◆ **TASK OBJECTIVE**:
The line with "四川省綿陽(yáng)市作為" marks the first line to copy, and the line with "Manifestanti in piazza" marks the last. Transcribe that stretch of the data below exactly, without pictures.

◆ **PROVIDED MATERIAL**:
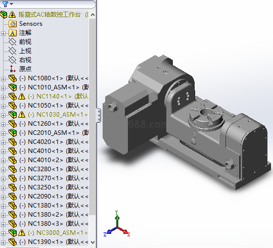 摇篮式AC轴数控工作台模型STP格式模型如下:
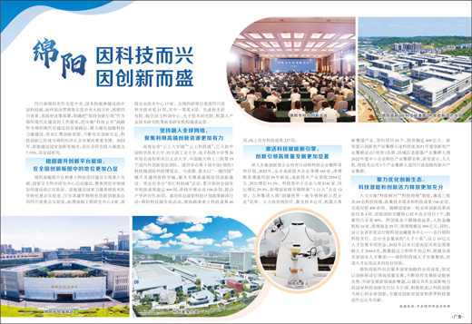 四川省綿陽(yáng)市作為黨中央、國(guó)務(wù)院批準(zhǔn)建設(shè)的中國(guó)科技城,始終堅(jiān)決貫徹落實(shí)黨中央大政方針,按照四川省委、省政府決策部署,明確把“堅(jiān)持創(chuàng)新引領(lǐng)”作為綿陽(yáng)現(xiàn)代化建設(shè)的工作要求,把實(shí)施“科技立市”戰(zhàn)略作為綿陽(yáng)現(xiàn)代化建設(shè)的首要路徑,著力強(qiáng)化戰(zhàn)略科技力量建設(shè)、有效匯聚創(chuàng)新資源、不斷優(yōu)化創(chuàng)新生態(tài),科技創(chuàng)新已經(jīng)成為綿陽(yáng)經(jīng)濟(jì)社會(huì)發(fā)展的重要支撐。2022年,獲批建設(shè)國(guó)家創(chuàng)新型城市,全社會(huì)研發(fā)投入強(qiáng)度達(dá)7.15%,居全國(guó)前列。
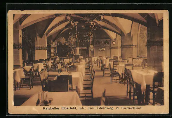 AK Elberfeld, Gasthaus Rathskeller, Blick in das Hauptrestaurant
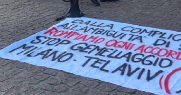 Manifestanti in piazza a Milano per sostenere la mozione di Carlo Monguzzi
---
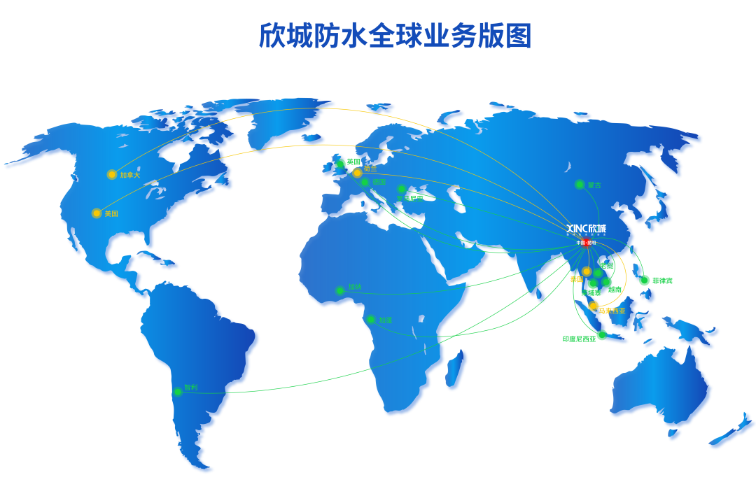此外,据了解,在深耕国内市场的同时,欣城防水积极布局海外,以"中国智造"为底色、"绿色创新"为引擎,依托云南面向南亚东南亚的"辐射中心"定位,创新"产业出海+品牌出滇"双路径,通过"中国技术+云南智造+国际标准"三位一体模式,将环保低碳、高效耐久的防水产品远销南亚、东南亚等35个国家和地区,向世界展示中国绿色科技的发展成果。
...
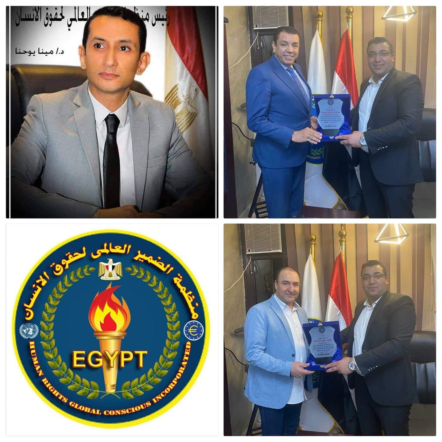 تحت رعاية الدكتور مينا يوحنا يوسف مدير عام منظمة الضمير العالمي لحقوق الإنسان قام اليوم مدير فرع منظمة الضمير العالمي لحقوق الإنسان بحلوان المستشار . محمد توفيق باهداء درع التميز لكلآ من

◆ **EXERCISE ANSWER**:
 四川省綿陽(yáng)市作為黨中央、國(guó)務(wù)院批準(zhǔn)建設(shè)的中國(guó)科技城,始終堅(jiān)決貫徹落實(shí)黨中央大政方針,按照四川省委、省政府決策部署,明確把“堅(jiān)持創(chuàng)新引領(lǐng)”作為綿陽(yáng)現(xiàn)代化建設(shè)的工作要求,把實(shí)施“科技立市”戰(zhàn)略作為綿陽(yáng)現(xiàn)代化建設(shè)的首要路徑,著力強(qiáng)化戰(zhàn)略科技力量建設(shè)、有效匯聚創(chuàng)新資源、不斷優(yōu)化創(chuàng)新生態(tài),科技創(chuàng)新已經(jīng)成為綿陽(yáng)經(jīng)濟(jì)社會(huì)發(fā)展的重要支撐。2022年,獲批建設(shè)國(guó)家創(chuàng)新型城市,全社會(huì)研發(fā)投入強(qiáng)度達(dá)7.15%,居全國(guó)前列。
 AK Elberfeld, Gasthaus Rathskeller, Blick in das Hauptrestaurant
 Manifestanti in piazza a Milano per sostenere la mozione di Carlo Monguzzi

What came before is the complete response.